▸ ABOUT THIS TASK
When you reach the line containing "为加强中外合作办学兄弟高校互", begin reproducing the material exactly, stop after the line containing "面积:89㎡3房108-117㎡4房2卫", and leave out any pictures along the way.
"""
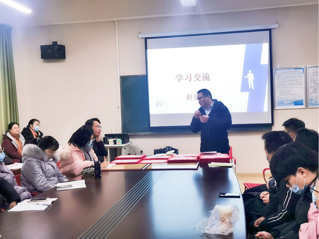 首先由赵雷老师发言,赵雷老师结合自身经验,干货满满的向全体教师分享了如何做科研的心得体会,让在场的全体教师受益匪浅。
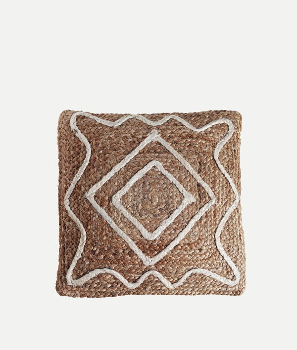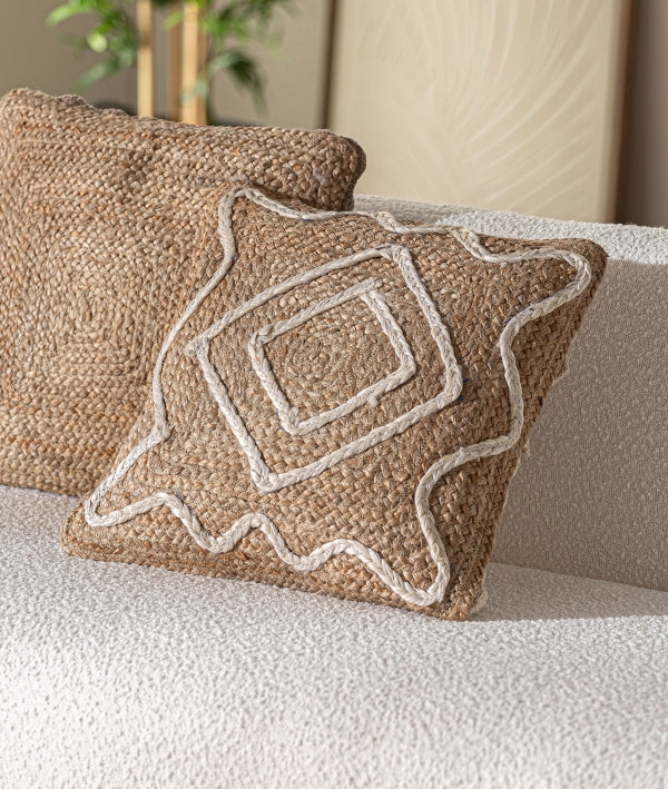 Квадратна възглавница thiesi, стил бохем, изработена от юта в кафяво, комбинирана с бежов полиестер. Продуктът е сваляем.
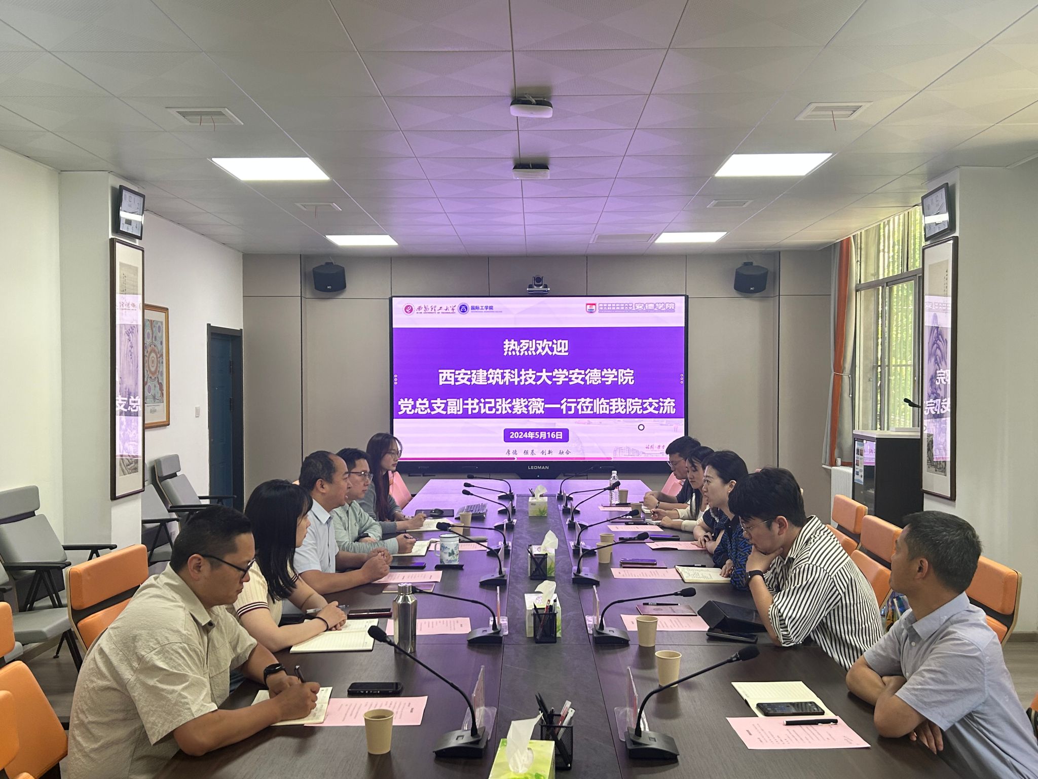 为加强中外合作办学兄弟高校互动交流,互相学习人才培养经验,共同提高人才培养质量,2024年5月16日上午,西安建筑科技大学安德公司公司党总支副书记、副经理张紫薇等一行六人来公司调研交流,bevictor韦德国际副书记、副经理张晓春及全体辅导员参与座谈。
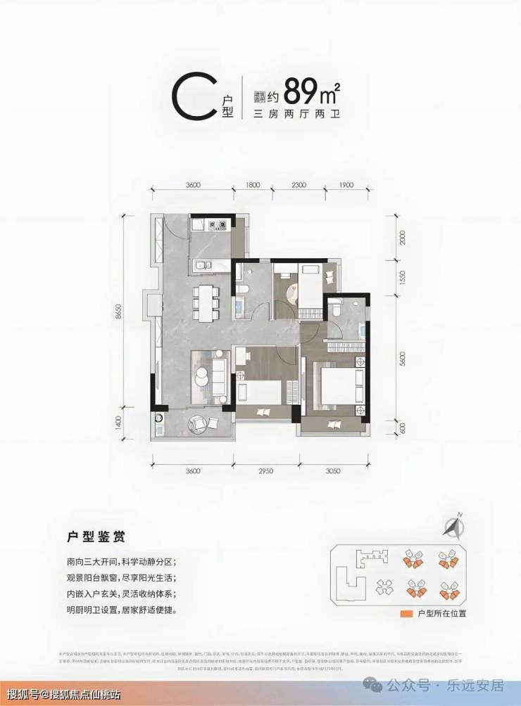 面积:89㎡3房108-117㎡4房2卫
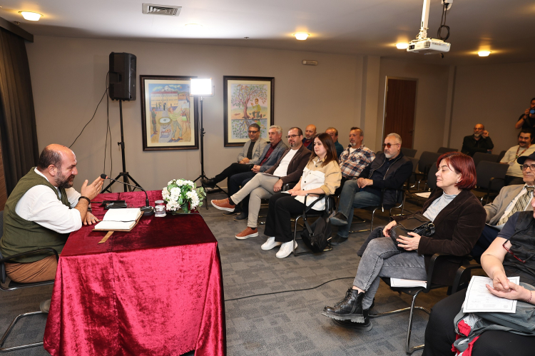 BURSA (İGFA) – Bursa Nilüfer Belediyesi Yazıevi Buluşmaları’nda, sanatseverleri Türk edebiyatının ve düşün dünyasının önemli isimleriyle bir araya getirmeye devam ediyor. Nilüfer Belediyesi’nin Misi Yazıevi’nde ağırladığı; Türkiye’nin yakın siyasi tarihini ele alan çalışmalarıyla tanınan Prof. Dr. Mete Kaan Kaynar, Nâzım Hikmet Kültürevi Balaban Salonu’nda “Cumhuriyet: Kimin, Neden?” konulu bir söyleşi gerçekleştirdi.
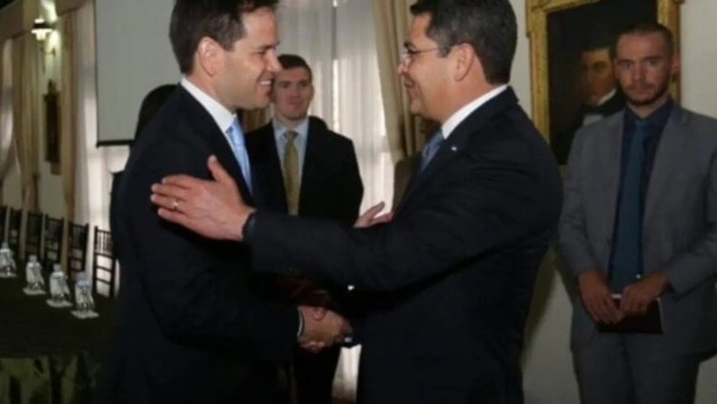El actual canciller estadounidense era un asiduo visitante del narcotraficante cuando este ejercía su segundo mandato, obtenido de manera fraudulenta pero con el aval de la Organización de Estados Americanos (OEA), dirigida entonces por el ultraderechista Luis Almagro. Durante una de sus visitas, Rubio felicitaba la «lucha contra las drogas» que libraba el gobierno de Hernández, mientras su hermano, Juan Antonio, inundaba con toneladas de drogas a Estados Unidos.
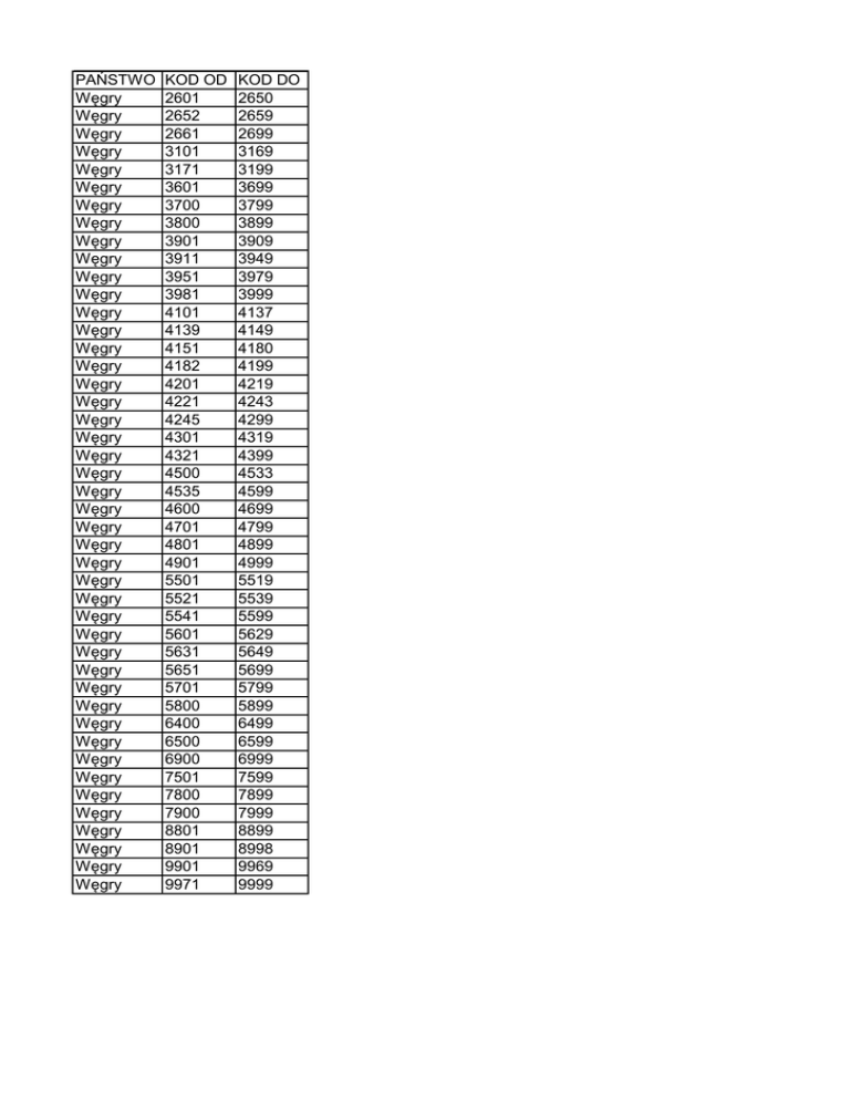 PAŃSTWO KOD OD KOD DO Węgry 2601 2650 Węgry 2652 2659
"""
▸ COMPLETED EXERCISE
 为加强中外合作办学兄弟高校互动交流,互相学习人才培养经验,共同提高人才培养质量,2024年5月16日上午,西安建筑科技大学安德公司公司党总支副书记、副经理张紫薇等一行六人来公司调研交流,bevictor韦德国际副书记、副经理张晓春及全体辅导员参与座谈。
 面积:89㎡3房108-117㎡4房2卫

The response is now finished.